BEGIN Provided data
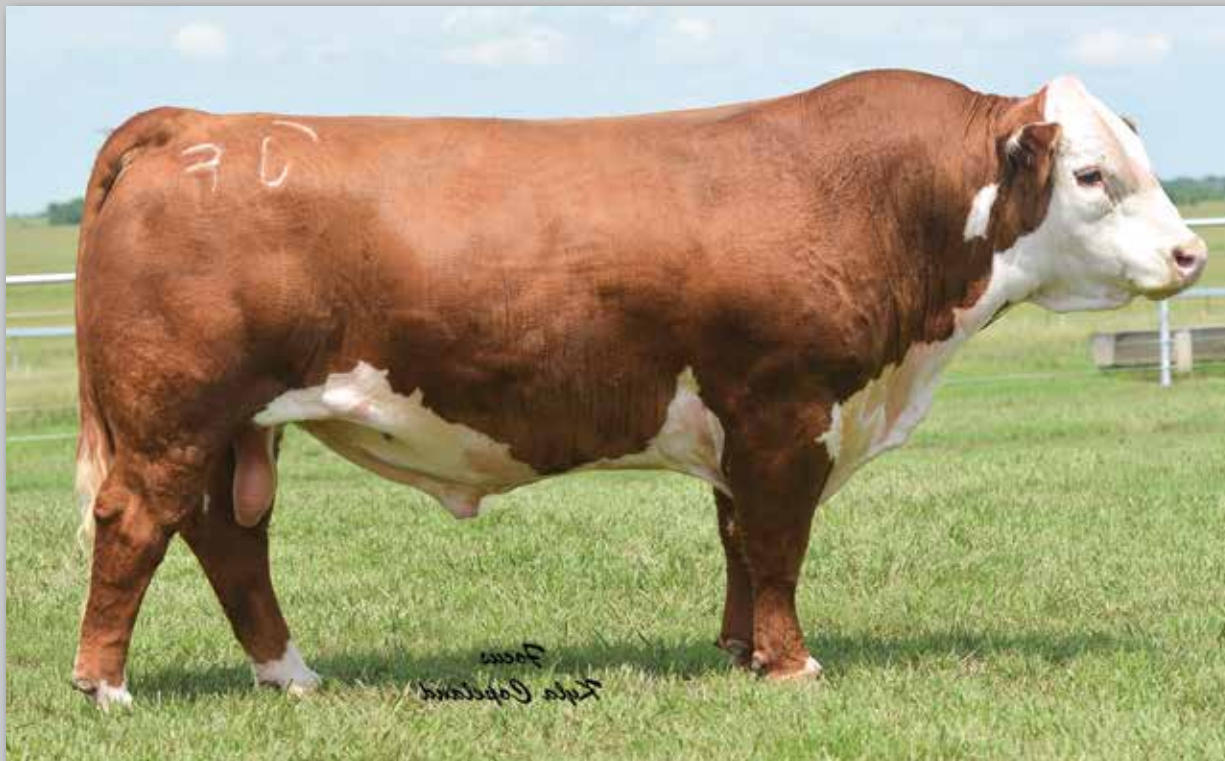
NJW 98S R117 Ribeye 80X ET — Sire of Lots 28 and 29
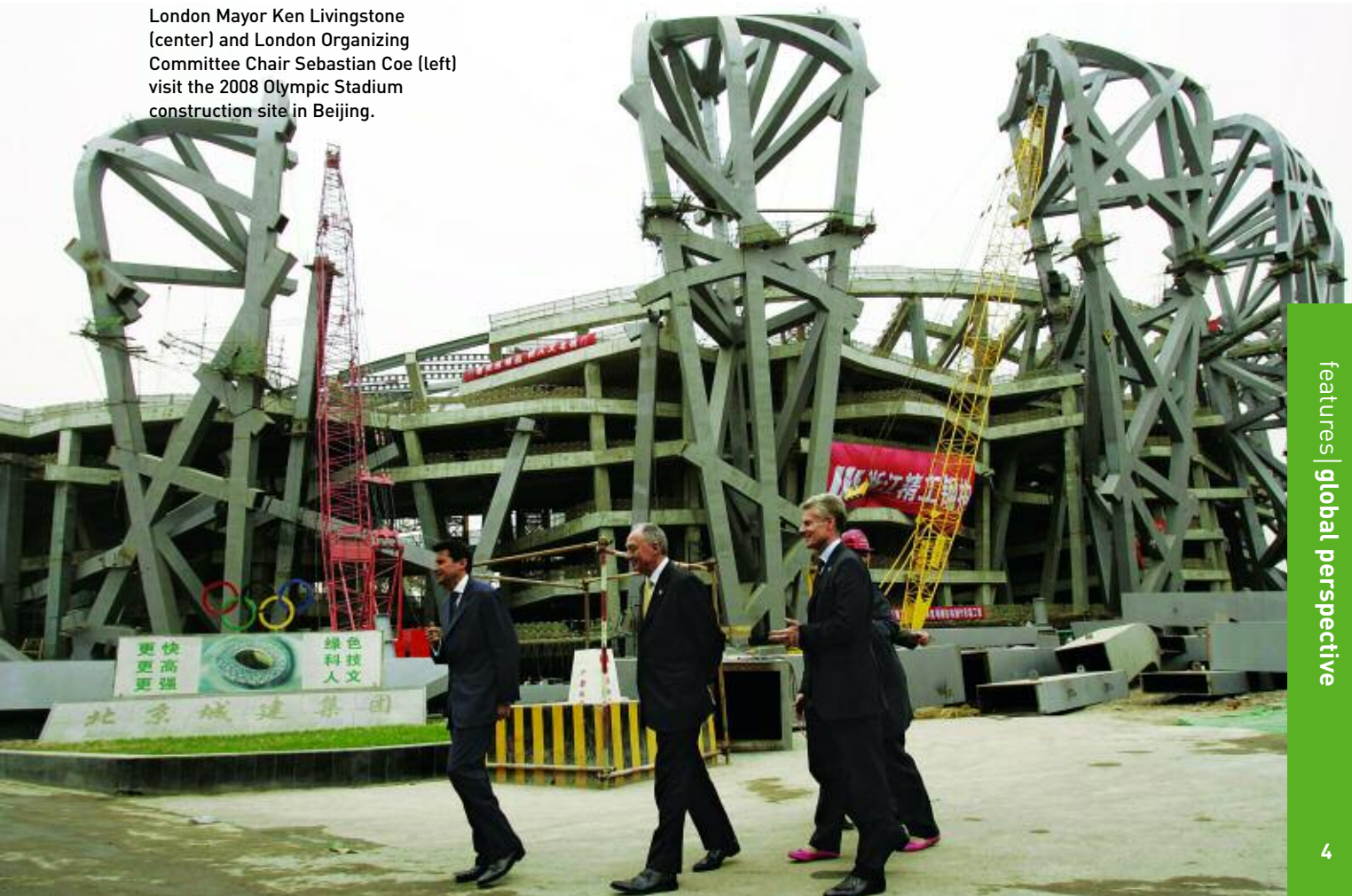
London Mayor Ken Livingstone (center) and London Organizing Committee Chair Sebastian Coe (left) visit the 2008 Olympic Stadium construction site in Beijing.

payoff for East London will be a revitalized neighborhood with 9,000 new, largely low-cost homes; brand-new recreational, cultural, and educational facilities; and an estimated 12,000 new jobs.
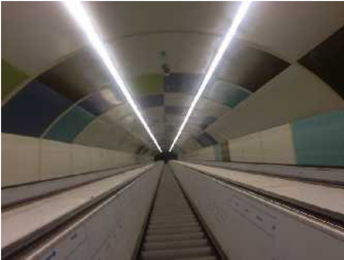
Escalator is installed
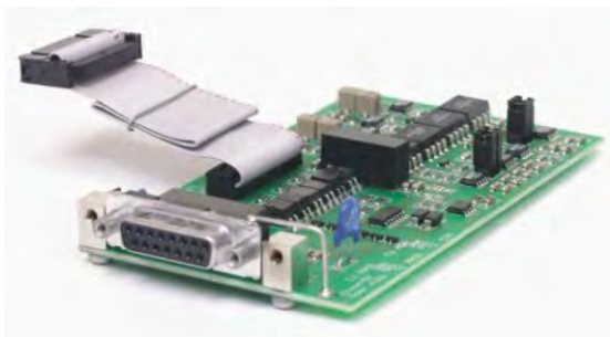
An ISO AMP CARD should be used in case of a non-floating programming source.
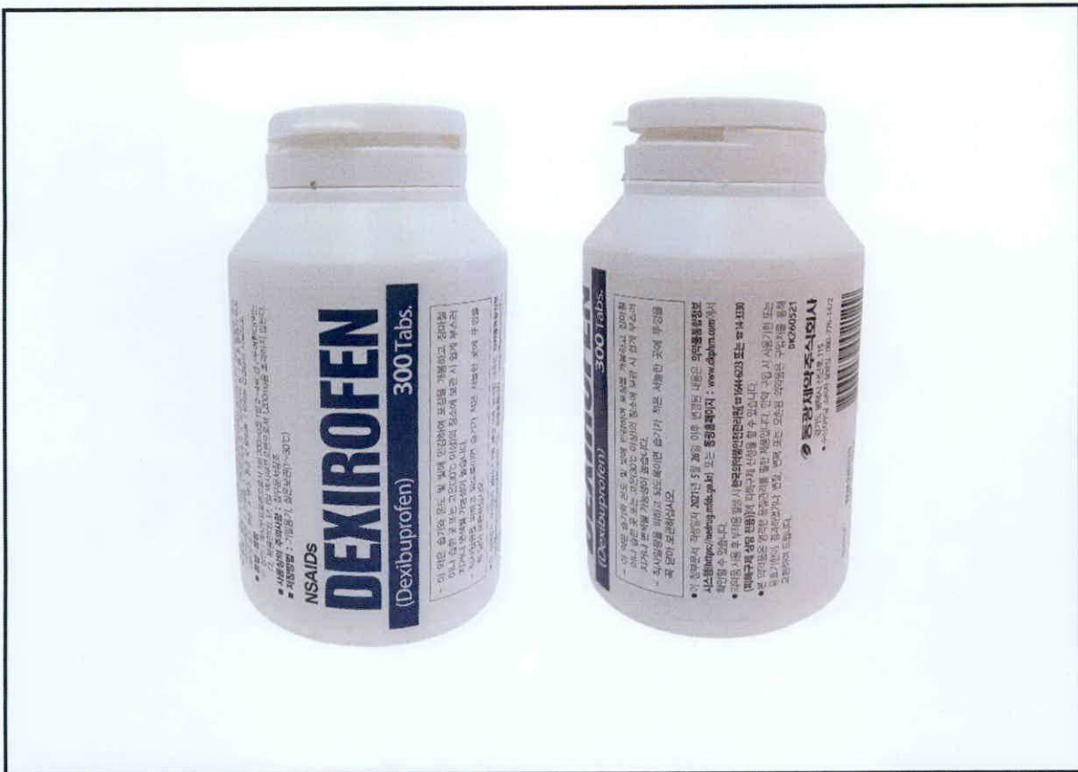
NSAIDs Dexirofen (Dexibuprofen) Tablet
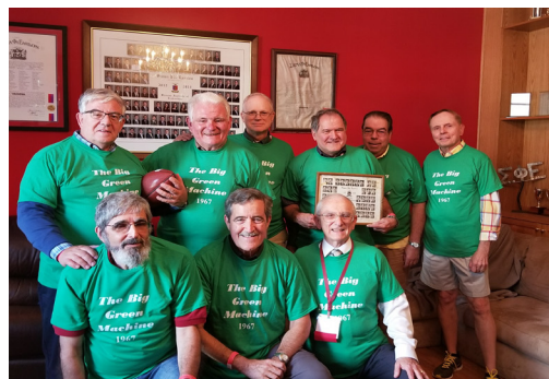
Pictured above: Members of the Class of 1967

If a reunion interests you, please consider contacting us to arrange a day where you can visit. We are always interested in meeting the men who shaped this fraternity into what it is today. Also, don't forget Founder's Day is November 4th this year. We're looking forward to spending the day reconnecting with our alumni over football and a cook-out.
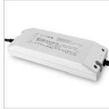
17096 Kit driver 48V WP
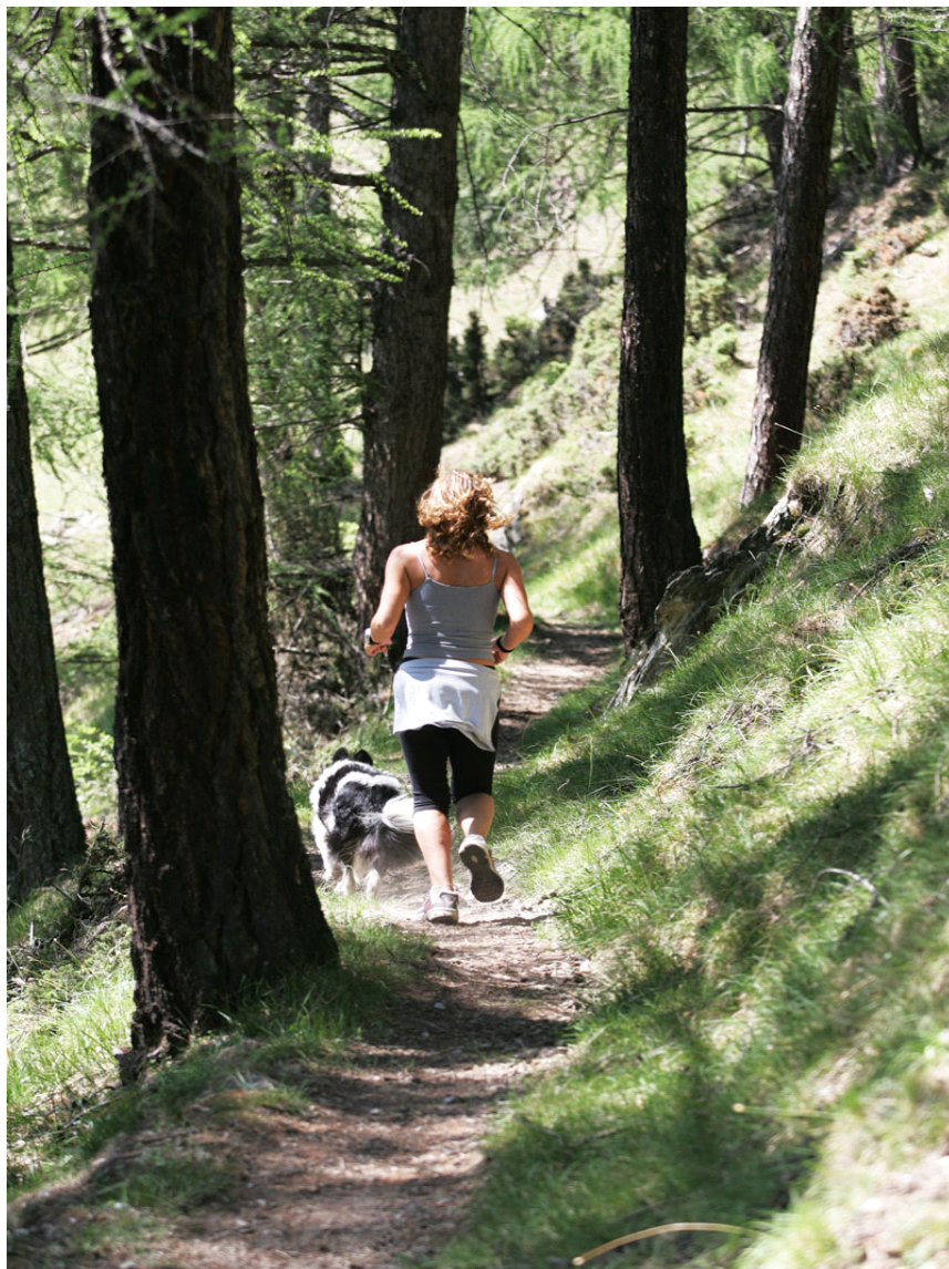
Di corsa lungo il percorso nel bosco Suena
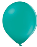
Aqua - 23
END Provided data
__What the exercise asks__:
Leave the pictures out, and restate exactly the lines from the start of the records through the one that contains "Escalator is installed".

__Solution to this exercise__:
NJW 98S R117 Ribeye 80X ET — Sire of Lots 28 and 29
London Mayor Ken Livingstone (center) and London Organizing Committee Chair Sebastian Coe (left) visit the 2008 Olympic Stadium construction site in Beijing.

payoff for East London will be a revitalized neighborhood with 9,000 new, largely low-cost homes; brand-new recreational, cultural, and educational facilities; and an estimated 12,000 new jobs.
Escalator is installed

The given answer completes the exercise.